🤖 AI Summary
Existing code watermarking methods for detecting large language model (LLM)-generated code suffer from poor generalizability, high computational overhead, and reliance on white-box access. To address these limitations, we propose ACW—a training-free, black-box, lightweight code watermarking framework. ACW embeds detectable watermarks implicitly during code generation via semantic-preserving and idempotent structured code transformations. It employs a statistically significant detection mechanism to robustly extract watermarks without requiring model internals or retraining. Evaluated across diverse LLMs—including ChatGPT and StarCoder—ACW achieves >98% detection accuracy on generated code and demonstrates strong resilience against common adversarial attacks such as code deletion, modification, and obfuscation.
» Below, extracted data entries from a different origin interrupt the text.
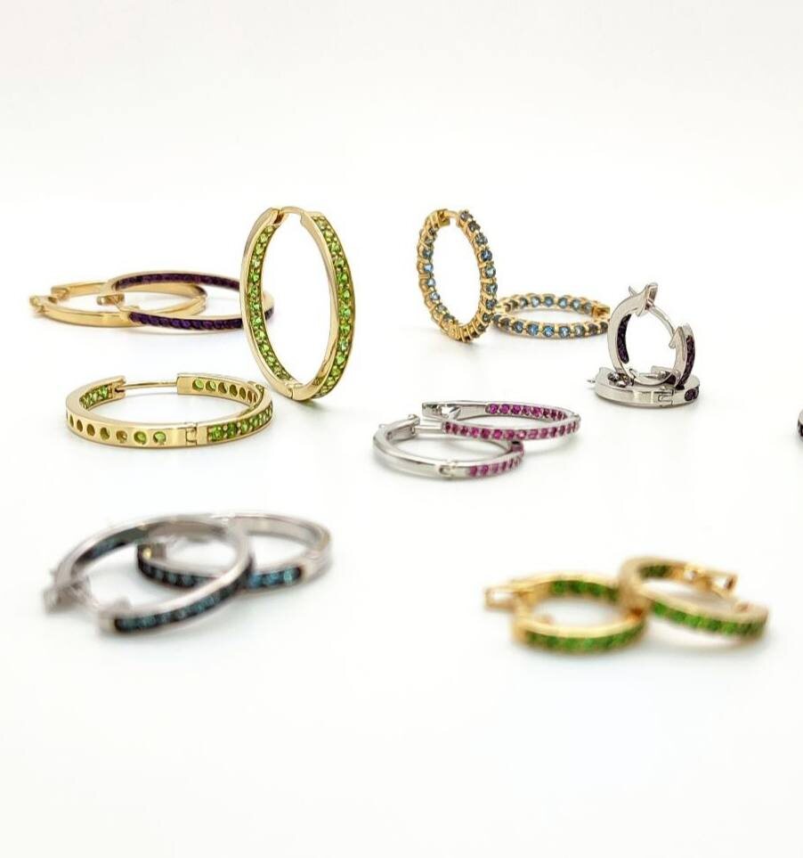 1. Серьги-кольца! Кольца разных размеров, со вставками или без - мастхэв в ювелирном гардеробе. Можно носить кольца разных размеров, играть с цветом минералов или металла, а можно носить их как незаменимую и утонченную классику с любым образом.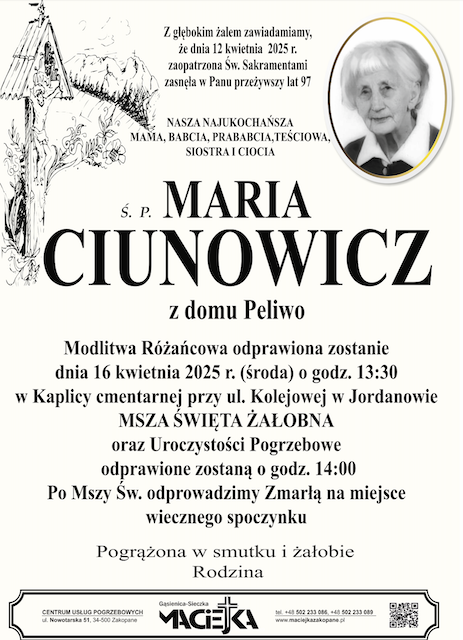 Maria Ciunowicz - Nekrologi - podhale24.pl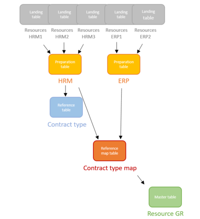 Data of similar source system types are merged into the preparation layer (step 2). Whether 1, 2 or more ERPs are connected to the MDM, the resource data of each of them will be funneled into 1 single ERP resource preparation table. By doing so, only the landing layer is impacted when new systems are plugged to the MDM solution. All the layers downstream remain untouched!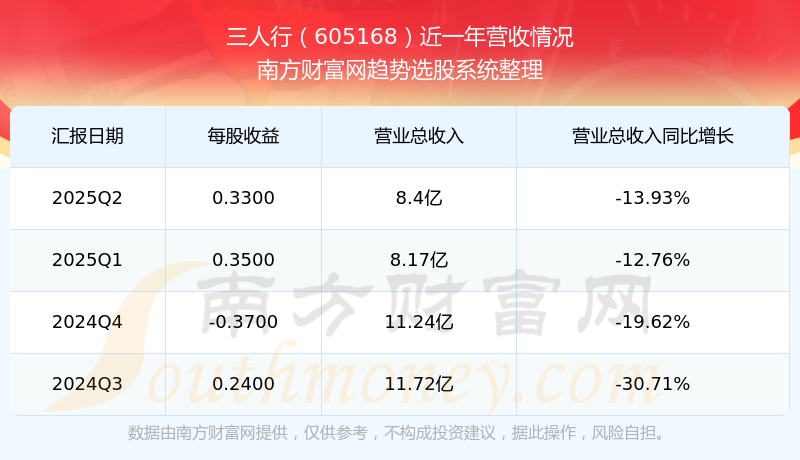 三人行發(fā)布2025年第二季度財(cái)報(bào)。實(shí)現(xiàn)總營(yíng)收8.4億元,同比增長(zhǎng)-13.93%;扣非凈利潤(rùn)同比增長(zhǎng)49.03%至1.08億元。

Notably, ACW is the first method to overcome the transferability bottleneck of text-based watermarks in the code domain. It simultaneously delivers zero training cost, broad model agnosticism, and high detection reliability.
📝 Abstract
With the development of large language models, multiple AIs have become available for code generation (such as ChatGPT and StarCoder) and are adopted widely. It is often desirable to know whether a piece of code is generated by AI, and furthermore, which AI is the author. For instance, if a certain version of AI is known to generate vulnerable codes, it is particularly important to know the creator. Watermarking is broadly considered a promising solution and is successfully applied for identifying AI-generated text. However, existing efforts on watermarking AI-generated codes are far from ideal, and pose more challenges than watermarking general text due to limited flexibility and encoding space. In this work, we propose ACW (AI Code Watermarking), a novel method for watermarking AI-generated codes. The key idea of ACW is to selectively apply a set of carefully-designed semantic-preserving, idempotent code transformations, whose presence (or absence) allows us to determine the existence of watermarks. It is efficient as it requires no training or fine-tuning and works in a black-box manner. Our experimental results show that ACW is effective (i.e., achieving high accuracy on detecting AI-generated codes and extracting watermarks) as well as resilient, significantly outperforming existing approaches.